▸ **Exercise directions**
The response consists of the lines from the start of the material below through the line holding "Мусор в лесу.", repeated word for word and without pictures.

▸ **Data extract**

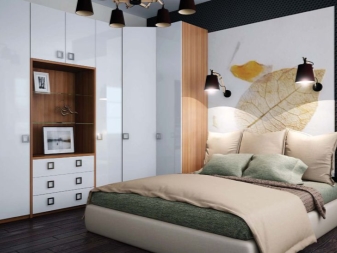 В съвременните стилове, особено що се отнася до високотехнологичните, артикулите с лъскаво покритие се използват активно. Заедно с мебелите, подовете в стаята са покрити с гладък и лъскав ламинат. Такъв дует е напълно приемлив и изглежда впечатляващ. За да подчертаят външния вид на мебелите, шкафовете са украсени със стъклени ъгли..
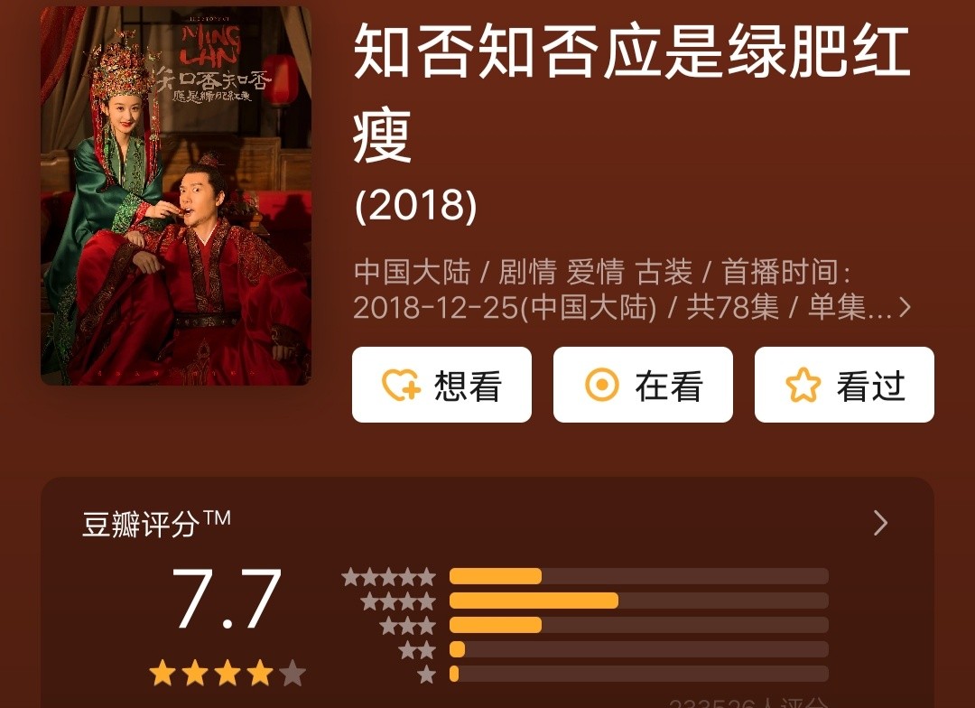 我想谈谈《知否》,豆瓣评的7.7分太低了,它是古装家庭剧的标杆
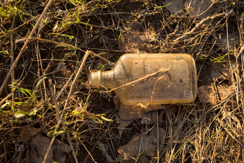 Мусор в лесу. Стеклянная бутылка, выброшенная в лесу. Проблема экологии и загрязнения природы
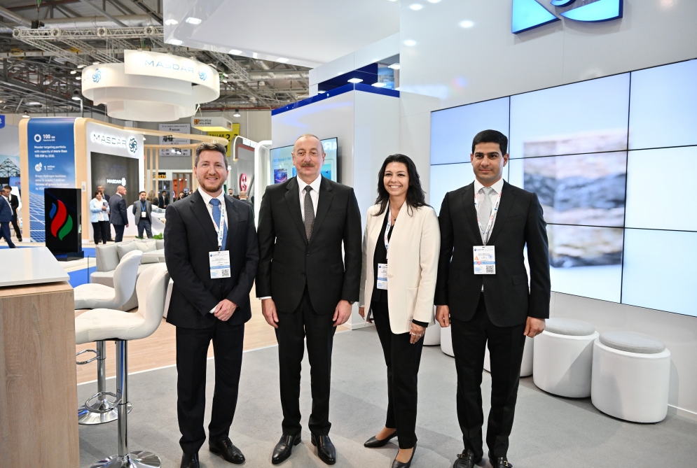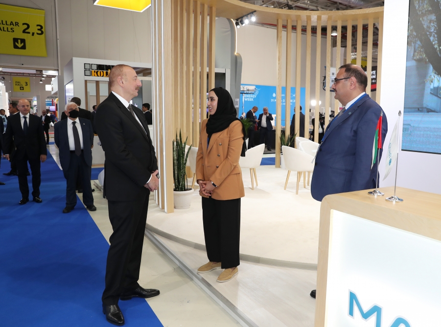 Prezident İlham Əliyev Birləşmiş Ərəb Əmirliklərinin (BƏƏ) “MASDAR” şirkətinin stendinə də baxıb. “MASDAR” bərpa olunan enerji və yaşıl hidrogen texnologiyalarının inkişafını və tətbiqini inkişaf etdirərək dünyada bu sahənin ən qabaqcıl şirkətlərindən biridir. 2006-cı ildə yaradılan “MASDAR” bu gün 40-dan çox ölkədə fəaliyyət göstərir və onlara təmiz enerji məqsədlərinə nail olmaqda və davamlı inkişafda kömək edir. Şirkət Azərbaycanla ümumi gücü 10 qiqavatadək olan bərpaolunan enerji mənbələri layihələri üzrə müqavilələr imzalayıb. Şirkət hazırda gücü 230 meqavat olan Qaradağ Günəş Elektrik Stansiyasının inşası layihəsini icra edir.

▸ **Answer section**
 В съвременните стилове, особено що се отнася до високотехнологичните, артикулите с лъскаво покритие се използват активно. Заедно с мебелите, подовете в стаята са покрити с гладък и лъскав ламинат. Такъв дует е напълно приемлив и изглежда впечатляващ. За да подчертаят външния вид на мебелите, шкафовете са украсени със стъклени ъгли..
 我想谈谈《知否》,豆瓣评的7.7分太低了,它是古装家庭剧的标杆
 Мусор в лесу. Стеклянная бутылка, выброшенная в лесу. Проблема экологии и загрязнения природы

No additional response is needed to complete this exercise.